WHAT YOU SHOULD DO:
The records below are to be reproduced exactly, with the pictures left out.

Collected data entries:
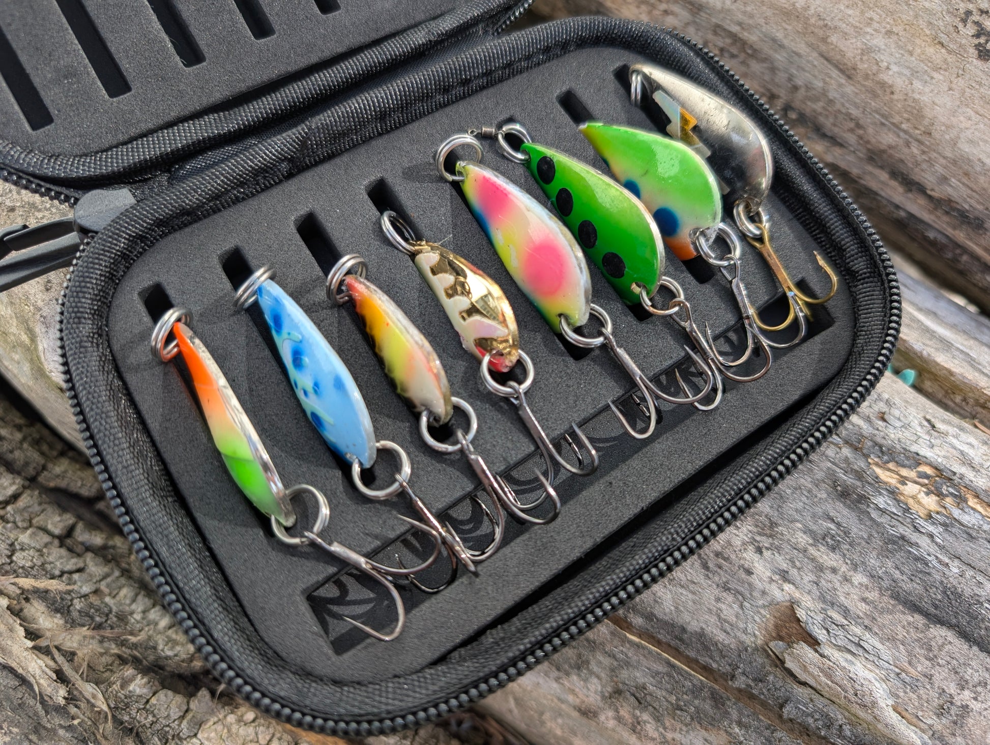These killer casting spoon cases are made for the rugged adventurer, river angler, pier/shore fisherman or the backcountry angler. These cases feature true DTF logo artwork on the front side done by our team member at Digital Flair & Design. They also feature a zipper closure and a clip at the top end for easy attachment to your box, bag or waders. This case comfortable holds 8 of our casting spoons (1/4,1/2 or 5/8 sizing). They are available EMPTY OR FULL.
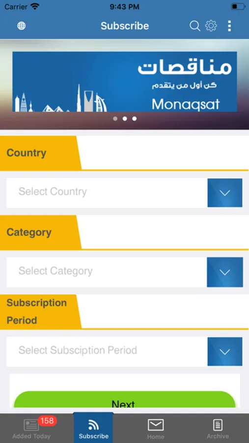 تطبيق متخصص في عرض كافة الـ: (مناقصات حكومية ، مزادات، عقارات حكومية، مشاريع، منافسات) بكافة القطاعات الحكومية وكبرى شركات القطاع الخاص
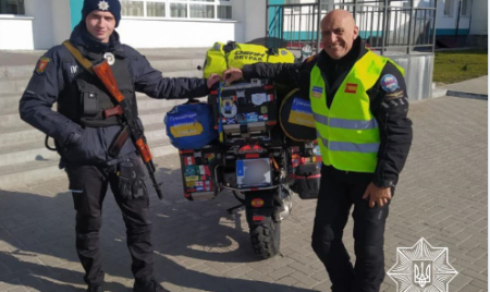 Учора на одному із стаціонарних постів до патрульних звернувся громадянин Іспанії, який самотужки приїхав в Україну на мотоциклі.
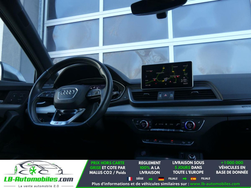 Référence : 1182502 Vos Avantages chez LB-AUTOMOBILES.com / Prix affiché TTC Livré hors carte grise / Livraison sous 10 jours dans toute la France hors 31 / Pas d?avance de frais paiement du véhicule 100% à la livraison par virement. Audi SQ5 Neuf remisée, Audi SQ5 Occasion Toulouse Beaupuy 31850, Audi SQ5 Véhicule sorti de réseau collaborateur, Audi SQ5 import, Audi SQ5 importateur, Audi SQ5 Livraison possible dans toute la France sous 5 jours, Audi SQ5, Audi SQ5 Location Option Achat, Audi SQ5 LLD, Audi SQ5 Longue Durée, Audi SQ5 TVA récupérable. Possibilité d'extension de garantie 12, 24,36 mois, Pour tout autres voitures import neufs ou occasions collaborateur fortement remisée, Mandataire Audi, Mandataire BMW, Mandataire Volkswagen, Mandataire Mercedes, Mandataire Peugeot Espagne, Mandataire Renault Espagne, Porsche import, Mandataire Citroën Espagne, Mandataire Seat Espagne, n'hésitez pas à nous contacter. « Sous réserve de vente préalable et erreur de saisie » Principaux équipements : - 4x4 - ABS - Accoudoir - Android Auto - Antidémarrage - Apple CarPlay - Assistance au freinage d'urgence - Assistance de démarrage en côte - Assistant de man?uvre avec remorque - Assistant feux de route - Attache remorque pivotante - Avertisseur de franchissement de ligne - Bluetooth - Boîte de vitesses robotisée - Capteur de lumière - Capteur de pluie - Carnet d'entretien - Cockpit numérique - Commande vocale - Contrôle de la pression des pneus - Direction assistée - Éclairage adaptatif de virage - Éclairage d'ambiance - Éclairage route non éblouissant - Écran tactile - ESP - Fermeture centralisée - Feux de jour LED - Galerie de toit - Garantie - GPS - Grille de protection pour coffre - Hayon électrique - Isofix - Jantes alliage - Kit de préparation pour système de navigation - Kit de réparation d'urgence des pneus - Kit mains libres - Lecteur CD - Ordinateur de bord - Package hiver - Pack fumeur - Pack sport - Phare antibrouillard - Phares LED - Pneus été - Point Isofix siège passager - Port USB - Radio DAB - Réglage électrique des sièges - Réglage électrique des sièges avec fonction mémoire - Régulateur de vitesse adaptatif - Rétroviseur extérieur électrique - Rétroviseur intérieur anti-éblouissement automatique - Rétroviseurs extérieurs rabattables électriquement - Sièges chauffants - Sièges sport - Streaming musical intégré - Support lombaire - Suspension adaptative - Suspension sport - Système antipatinage - Système d'alarme - Système d'appel d'urgence - Système d'avertissement de la distance - Système de détection de la fatigue - Système de limitation de la vitesse - Système de nettoyage des phares - Système de reconnaissance des panneaux de signalisation - Système de sonorisation - Système Stop & Start - Toit panoramique - Trappe à skis - Tuner/radio - Véhicule non-fumeur - Verrouillage centralisé sans clé - Vitres teintées - Volant en cuir - Volant multifonction - WLAN / point d'accès Wi-Fi
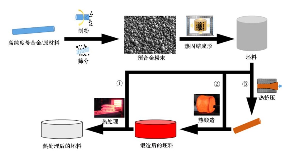 粉末高溫合金的制備主要涉及到粉末的制備、粉末熱固結成形、熱處理等工藝過程,如圖1所示。主要采用的加工路線有3種:①制粉+熱固結成型+熱處理;②制粉+熱固結成型+熱鍛造+熱處理;③制粉+熱固結成型+熱擠壓+熱鍛造+熱處理。[9]
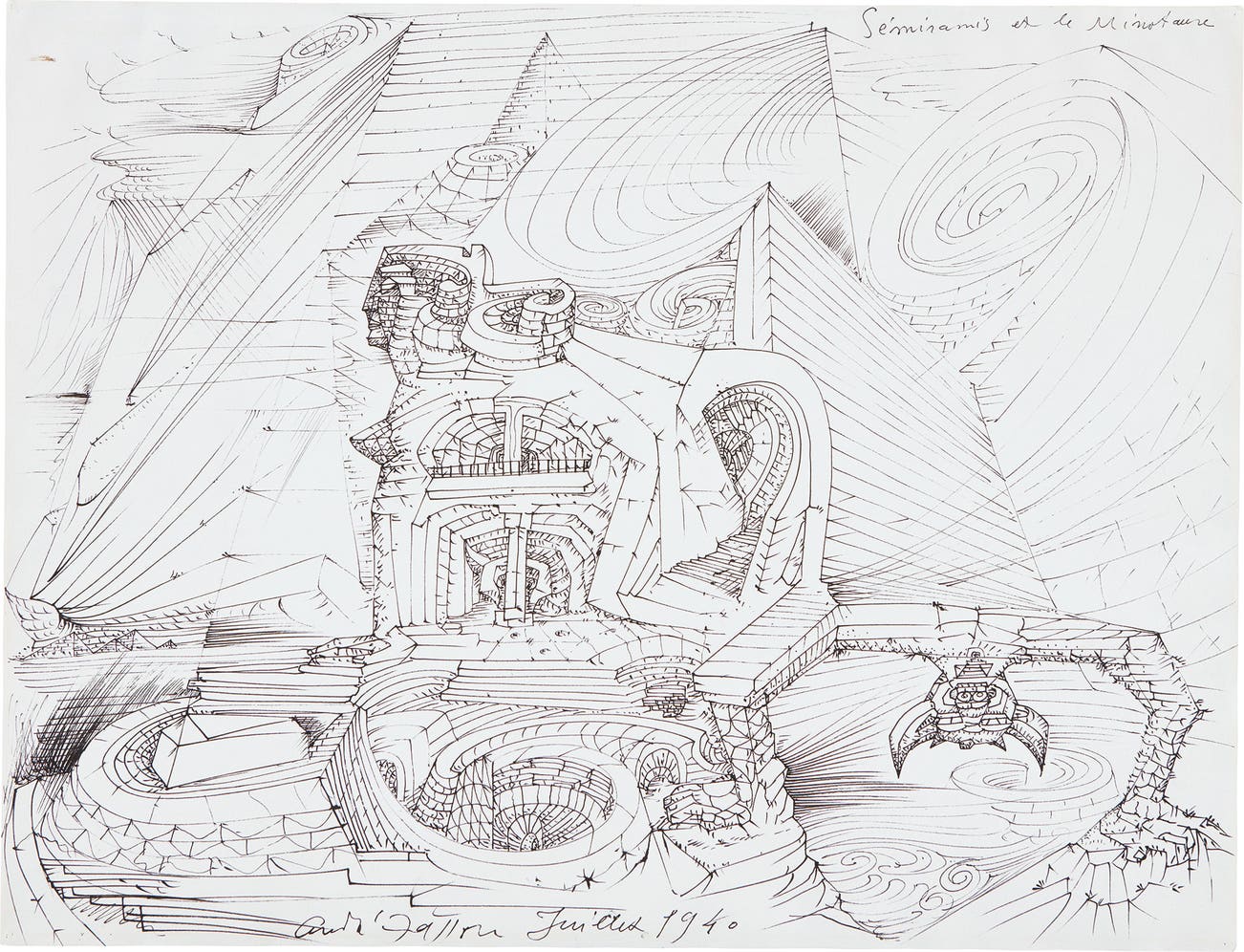 signed and dated "André Masson Juillet 1940" lower edge; titled "Sémiramis et le Minotaure" upper right; further inscribed and titled "II Sémiramis et le Minotaure" on the reverse
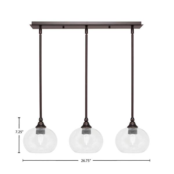 Livingston 100-Watt 3-Light Dark Granite Shaded Pendant Light with 7 in. Clear Bubble Glass Shade, No bulbs Included
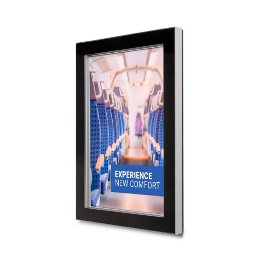 Gablota z czarnym, ceramicznym nadrukiem na przedniej szybie przeznaczona do użytku na zewnątrz. Trwała, wytrzymała i szczelna anodowana rama ma kolor srebrny. Certyfikat IP65, zapewnia ochronę przed wnikaniem pyłu i strumieniem wody lanym na obudowę z dowolnego kierunku. Wysokiej jakości panel tylny powlekany stalą, malowany proszkowo na biało, umożliwia stosowanie magnesów oraz markerów suchościeralnych. Drzwi otwierają się za pomocą pneumatycznego siłownika. Są zamykane na kluczyk. Jest odpowiednia do zamontowania na ścianie lub ogrodzeniu.
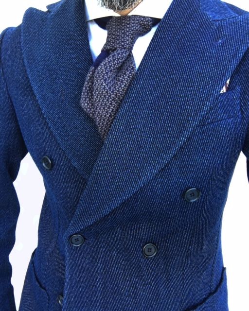 このピークドラペルからの緩やかな弧を描く曲線も、他の素材では目立たなくなってしまう箇所ですが、衿を立てる事によって、よりその繊細な仕事、技を目にする事が出来ます。
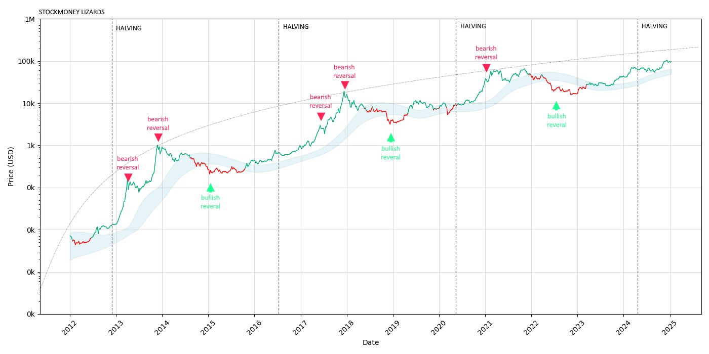 The attached chart highlighted historical RSI (red/green arrows) levels, indicating overbought (bearish reversal) and oversold (bullish reversal) conditions correlated to previous BTC cycle tops/bottoms).
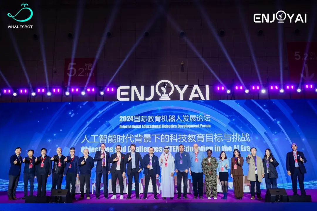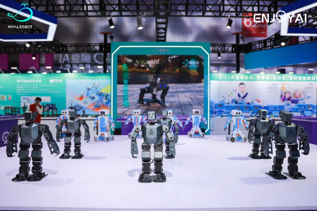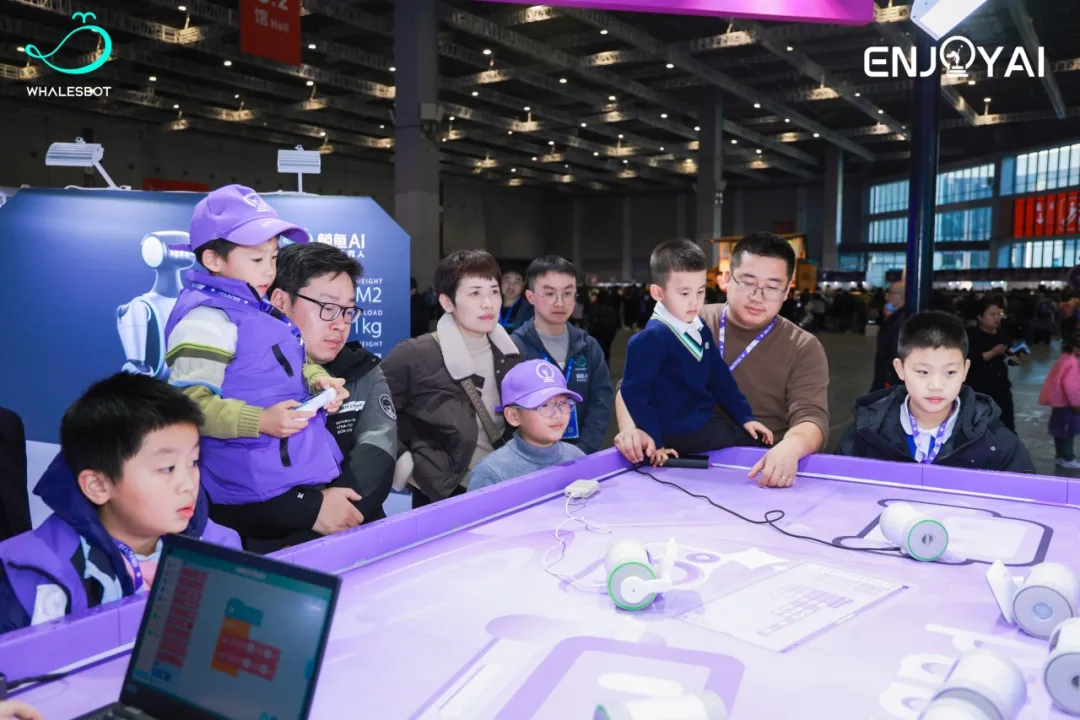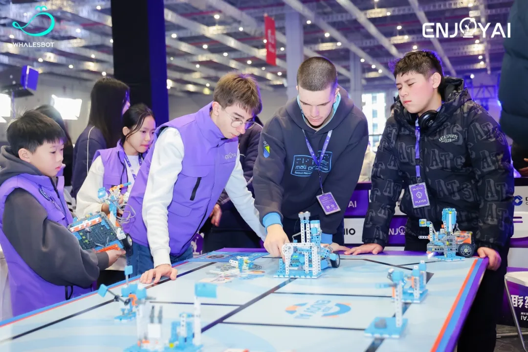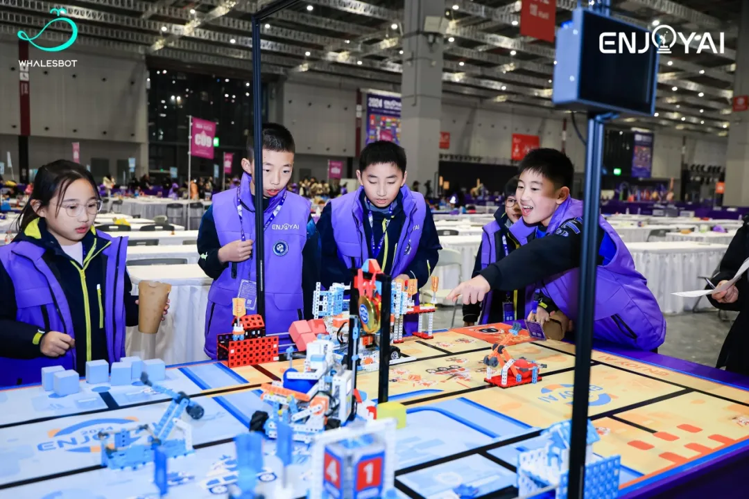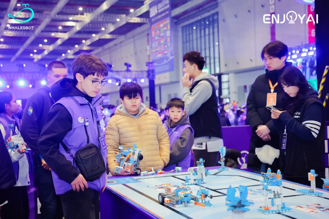 鲸鱼机器人作为 ENJOY AI 全球的主要赞助商,活动设置了“会、展、赛”三大板块,全方位展现科技教育的多元魅力。

RESULT:
These killer casting spoon cases are made for the rugged adventurer, river angler, pier/shore fisherman or the backcountry angler. These cases feature true DTF logo artwork on the front side done by our team member at Digital Flair & Design. They also feature a zipper closure and a clip at the top end for easy attachment to your box, bag or waders. This case comfortable holds 8 of our casting spoons (1/4,1/2 or 5/8 sizing). They are available EMPTY OR FULL.
 تطبيق متخصص في عرض كافة الـ: (مناقصات حكومية ، مزادات، عقارات حكومية، مشاريع، منافسات) بكافة القطاعات الحكومية وكبرى شركات القطاع الخاص
 Учора на одному із стаціонарних постів до патрульних звернувся громадянин Іспанії, який самотужки приїхав в Україну на мотоциклі.
 Référence : 1182502 Vos Avantages chez LB-AUTOMOBILES.com / Prix affiché TTC Livré hors carte grise / Livraison sous 10 jours dans toute la France hors 31 / Pas d?avance de frais paiement du véhicule 100% à la livraison par virement. Audi SQ5 Neuf remisée, Audi SQ5 Occasion Toulouse Beaupuy 31850, Audi SQ5 Véhicule sorti de réseau collaborateur, Audi SQ5 import, Audi SQ5 importateur, Audi SQ5 Livraison possible dans toute la France sous 5 jours, Audi SQ5, Audi SQ5 Location Option Achat, Audi SQ5 LLD, Audi SQ5 Longue Durée, Audi SQ5 TVA récupérable. Possibilité d'extension de garantie 12, 24,36 mois, Pour tout autres voitures import neufs ou occasions collaborateur fortement remisée, Mandataire Audi, Mandataire BMW, Mandataire Volkswagen, Mandataire Mercedes, Mandataire Peugeot Espagne, Mandataire Renault Espagne, Porsche import, Mandataire Citroën Espagne, Mandataire Seat Espagne, n'hésitez pas à nous contacter. « Sous réserve de vente préalable et erreur de saisie » Principaux équipements : - 4x4 - ABS - Accoudoir - Android Auto - Antidémarrage - Apple CarPlay - Assistance au freinage d'urgence - Assistance de démarrage en côte - Assistant de man?uvre avec remorque - Assistant feux de route - Attache remorque pivotante - Avertisseur de franchissement de ligne - Bluetooth - Boîte de vitesses robotisée - Capteur de lumière - Capteur de pluie - Carnet d'entretien - Cockpit numérique - Commande vocale - Contrôle de la pression des pneus - Direction assistée - Éclairage adaptatif de virage - Éclairage d'ambiance - Éclairage route non éblouissant - Écran tactile - ESP - Fermeture centralisée - Feux de jour LED - Galerie de toit - Garantie - GPS - Grille de protection pour coffre - Hayon électrique - Isofix - Jantes alliage - Kit de préparation pour système de navigation - Kit de réparation d'urgence des pneus - Kit mains libres - Lecteur CD - Ordinateur de bord - Package hiver - Pack fumeur - Pack sport - Phare antibrouillard - Phares LED - Pneus été - Point Isofix siège passager - Port USB - Radio DAB - Réglage électrique des sièges - Réglage électrique des sièges avec fonction mémoire - Régulateur de vitesse adaptatif - Rétroviseur extérieur électrique - Rétroviseur intérieur anti-éblouissement automatique - Rétroviseurs extérieurs rabattables électriquement - Sièges chauffants - Sièges sport - Streaming musical intégré - Support lombaire - Suspension adaptative - Suspension sport - Système antipatinage - Système d'alarme - Système d'appel d'urgence - Système d'avertissement de la distance - Système de détection de la fatigue - Système de limitation de la vitesse - Système de nettoyage des phares - Système de reconnaissance des panneaux de signalisation - Système de sonorisation - Système Stop & Start - Toit panoramique - Trappe à skis - Tuner/radio - Véhicule non-fumeur - Verrouillage centralisé sans clé - Vitres teintées - Volant en cuir - Volant multifonction - WLAN / point d'accès Wi-Fi
 粉末高溫合金的制備主要涉及到粉末的制備、粉末熱固結成形、熱處理等工藝過程,如圖1所示。主要采用的加工路線有3種:①制粉+熱固結成型+熱處理;②制粉+熱固結成型+熱鍛造+熱處理;③制粉+熱固結成型+熱擠壓+熱鍛造+熱處理。[9]
 signed and dated "André Masson Juillet 1940" lower edge; titled "Sémiramis et le Minotaure" upper right; further inscribed and titled "II Sémiramis et le Minotaure" on the reverse
 Livingston 100-Watt 3-Light Dark Granite Shaded Pendant Light with 7 in. Clear Bubble Glass Shade, No bulbs Included
 Gablota z czarnym, ceramicznym nadrukiem na przedniej szybie przeznaczona do użytku na zewnątrz. Trwała, wytrzymała i szczelna anodowana rama ma kolor srebrny. Certyfikat IP65, zapewnia ochronę przed wnikaniem pyłu i strumieniem wody lanym na obudowę z dowolnego kierunku. Wysokiej jakości panel tylny powlekany stalą, malowany proszkowo na biało, umożliwia stosowanie magnesów oraz markerów suchościeralnych. Drzwi otwierają się za pomocą pneumatycznego siłownika. Są zamykane na kluczyk. Jest odpowiednia do zamontowania na ścianie lub ogrodzeniu.
 このピークドラペルからの緩やかな弧を描く曲線も、他の素材では目立たなくなってしまう箇所ですが、衿を立てる事によって、よりその繊細な仕事、技を目にする事が出来ます。
 The attached chart highlighted historical RSI (red/green arrows) levels, indicating overbought (bearish reversal) and oversold (bullish reversal) conditions correlated to previous BTC cycle tops/bottoms).
 鲸鱼机器人作为 ENJOY AI 全球的主要赞助商,活动设置了“会、展、赛”三大板块,全方位展现科技教育的多元魅力。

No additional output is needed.